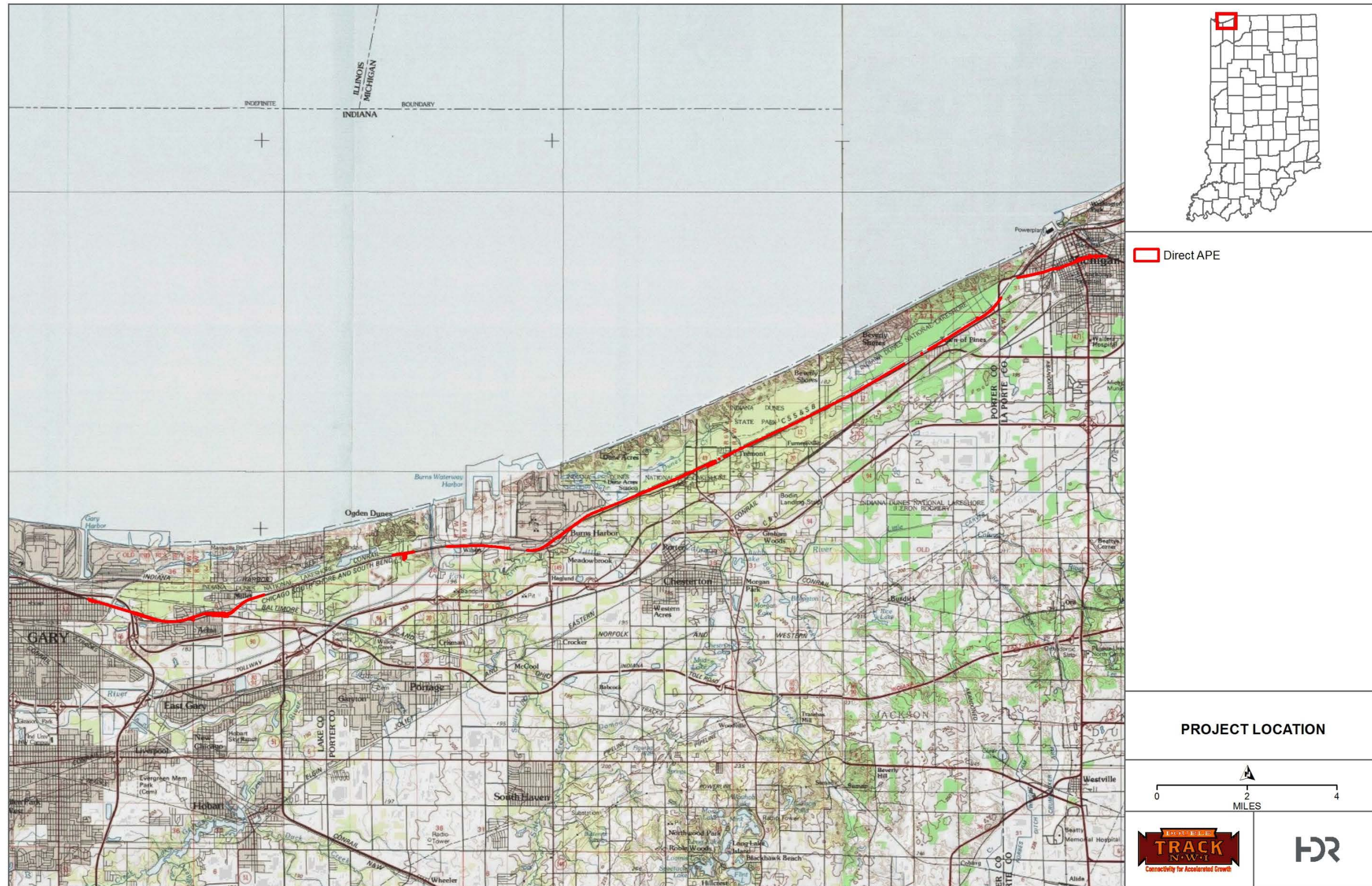
Figure 2. USGS topographic map with the Project location indicated.
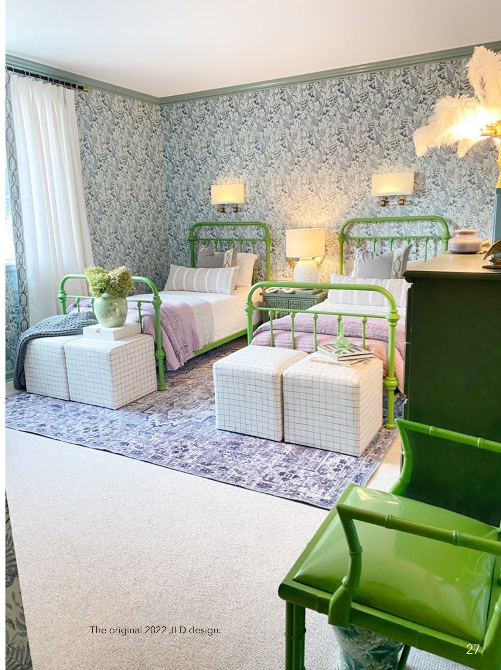
The original 2022 JLD design.

AVAILABLE AT MDC: Schumacher bed frame fabric; Kravet/Lee Jofa/Brunschwig & Fils wallpaper; Rozmallin drapery fabric; CAI Design lighting.
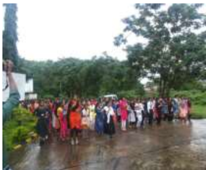
FIT India drive at BRAIT
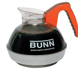
EASY POUR,(ORN) 3/CS
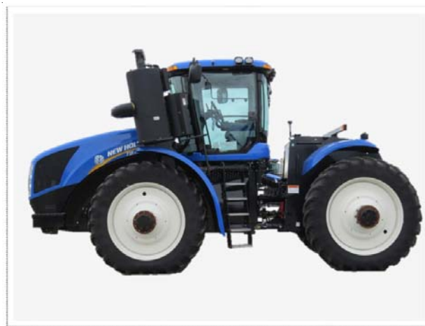
NEW HOLLAND T9.480 Diesel

Institute of Agriculture and Natural Resources University of Nebraska-Lincoln

-.-.-

• What you should do: Give the data above back unchanged, except for the pictures.

• Output of the task:
Figure 2. USGS topographic map with the Project location indicated.
The original 2022 JLD design.

AVAILABLE AT MDC: Schumacher bed frame fabric; Kravet/Lee Jofa/Brunschwig & Fils wallpaper; Rozmallin drapery fabric; CAI Design lighting.
FIT India drive at BRAIT
EASY POUR,(ORN) 3/CS
NEW HOLLAND T9.480 Diesel

Institute of Agriculture and Natural Resources University of Nebraska-Lincoln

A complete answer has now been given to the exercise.